The output featureset has the same form as before, except now the channel coordinate is
used to index the features by the corresponding frequency band. The functions in
cesium.build_model
and cesium.predict
all accept featuresets from single- or multi-channel data, so no additional steps are
required to train models or make predictions for multichannel featuresets using the
cesium library.
Model Building
Model building in cesium is handled by the
build_model_from_featureset
function in the cesium.build_model submodule. The featureset output by
featurize_time_series
contains both the feature and target information needed to train a
model; build_model_from_featureset is simply a wrapper that calls the fit method of a
given scikit-learn model with the appropriate inputs. In the case of multichannel
features, it also handles reshaping the featureset into a (rectangular) form that is
compatible with scikit-learn.
For this example, we’ll test a random forest classifier for the built-in cesium features,
and a 3-nearest neighbors classifier for the others, as suggested by Guo et al.
(2012).
from cesium.build_model import build_model_from_featureset
from sklearn.ensemble import RandomForestClassifier
from sklearn.neighbors import KNeighborsClassifier
from sklearn.cross_validation import train_test_split
train, test = train_test_split(np.arange(len(eeg["classes"])), random_state=0)

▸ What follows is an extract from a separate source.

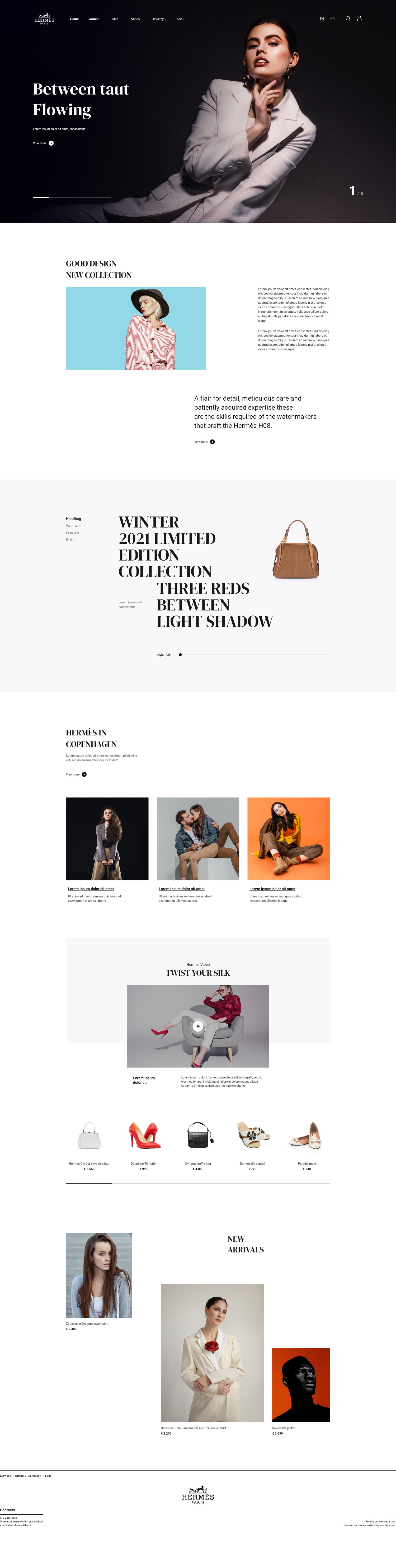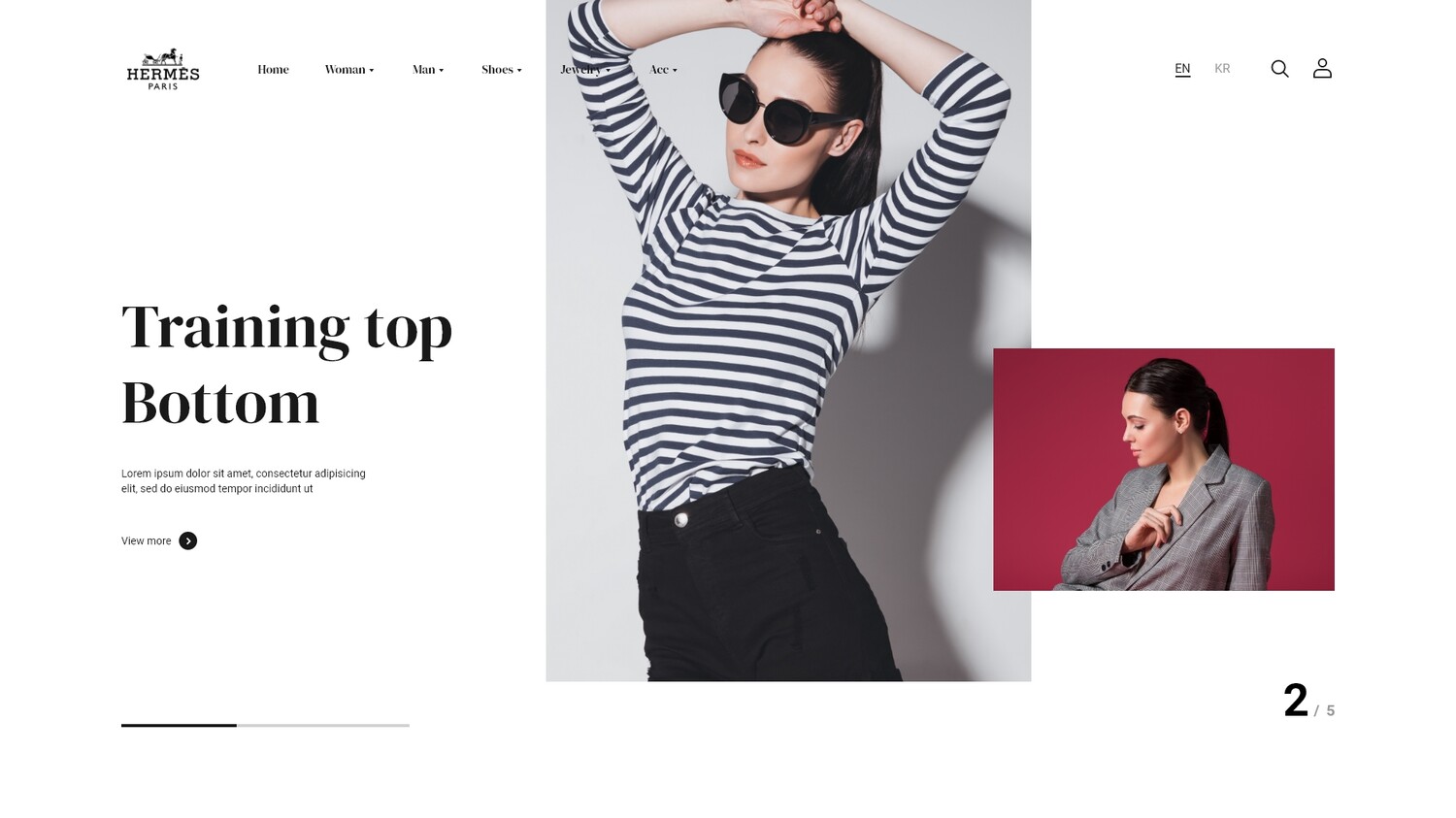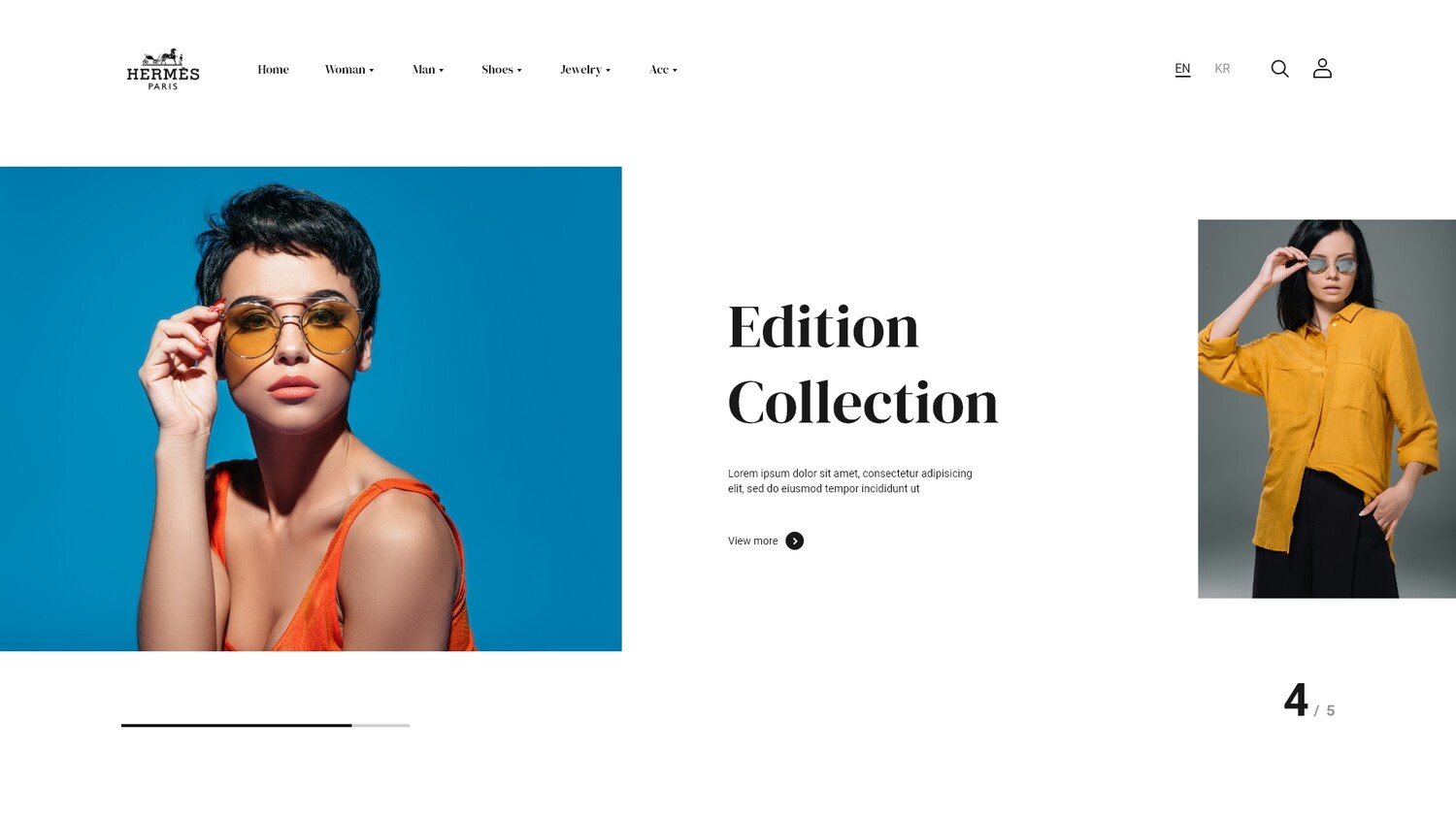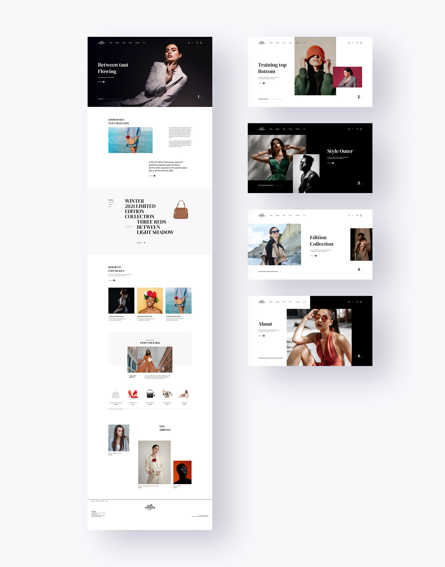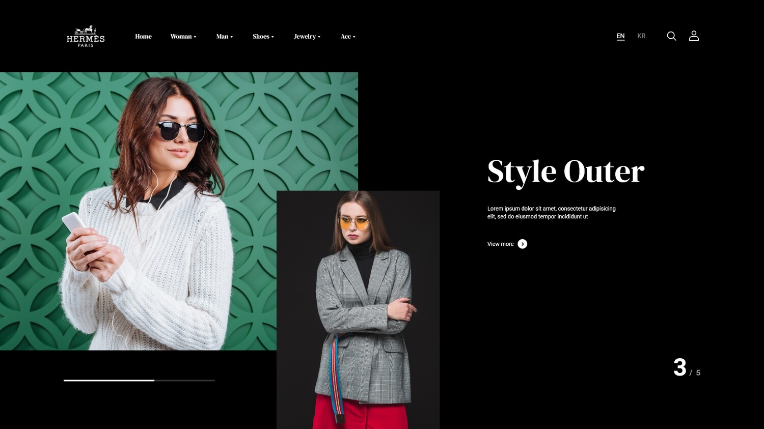 메인 빌보드 배너부터 역동적인 레이아웃의 패턴으로 다양한 레이아웃의 생생함을 전하였으며 볼드감 있는 명조 폰트로 패션의 트렌디함이 특징이다

rfc_param_grid = {'n_estimators': [8, 16, 32, 64, 128, 256, 512, 1024]}
model_cesium = build_model_from_featureset(fset_cesium.isel(name=train),
RandomForestClassifier(max_features='auto',
random_state=0),
params_to_optimize=rfc_param_grid)
knn_param_grid = {'n_neighbors': [1, 2, 3, 4]}
model_guo = build_model_from_featureset(fset_guo.isel(name=train),
KNeighborsClassifier(),
params_to_optimize=knn_param_grid)
model_dwt = build_model_from_featureset(fset_dwt.isel(name=train),
KNeighborsClassifier(),
params_to_optimize=knn_param_grid)
Prediction
Making predictions for new time series based on these models follows the same pattern:
first the time series are featurized using
featurize_timeseries,
and then predictions are made based on these features using
predict.model_predictions,
from sklearn.metrics import accuracy_score
from cesium.predict import model_predictions
preds_cesium = model_predictions(fset_cesium, model_cesium, return_probs=False)
preds_guo = model_predictions(fset_guo, model_guo, return_probs=False)
preds_dwt = model_predictions(fset_dwt, model_dwt, return_probs=False)
print("Built-in cesium features: training accuracy={:.2%}, test accuracy={:.2%}".format(
accuracy_score(preds_cesium[train], eeg["classes"][train]),
accuracy_score(preds_cesium[test], eeg["classes"][test])))
print("Guo et al. features: training accuracy={:.2%}, test accuracy={:.2%}".format(
accuracy_score(preds_guo[train], eeg["classes"][train]),
accuracy_score(preds_guo[test], eeg["classes"][test])))
print("Wavelet transform features: training accuracy={:.2%}, test accuracy={:.2%}".format(
accuracy_score(preds_dwt[train], eeg["classes"][train]),
accuracy_score(preds_dwt[test], eeg["classes"][test])))
Built-in cesium features: training accuracy=100.00%, test accuracy=83.20%
Guo et al. features: training accuracy=90.93%, test accuracy=84.80%
Wavelet transform features: training accuracy=100.00%, test accuracy=95.20%
The workflow presented here is intentionally simplistic and omits many important steps
such as feature selection, model parameter selection, etc., which may all be
incorporated just as they would for any other scikit-learn analysis.
But with essentially three function calls (featurize_time_series,
build_model_from_featureset, and model_predictions), we are able to build a
model from a set of time series and make predictions on new, unlabeled data. In
upcoming posts we’ll introduce the web frontend for cesium and describe how
the same analysis can be performed in a browser with no setup or coding required.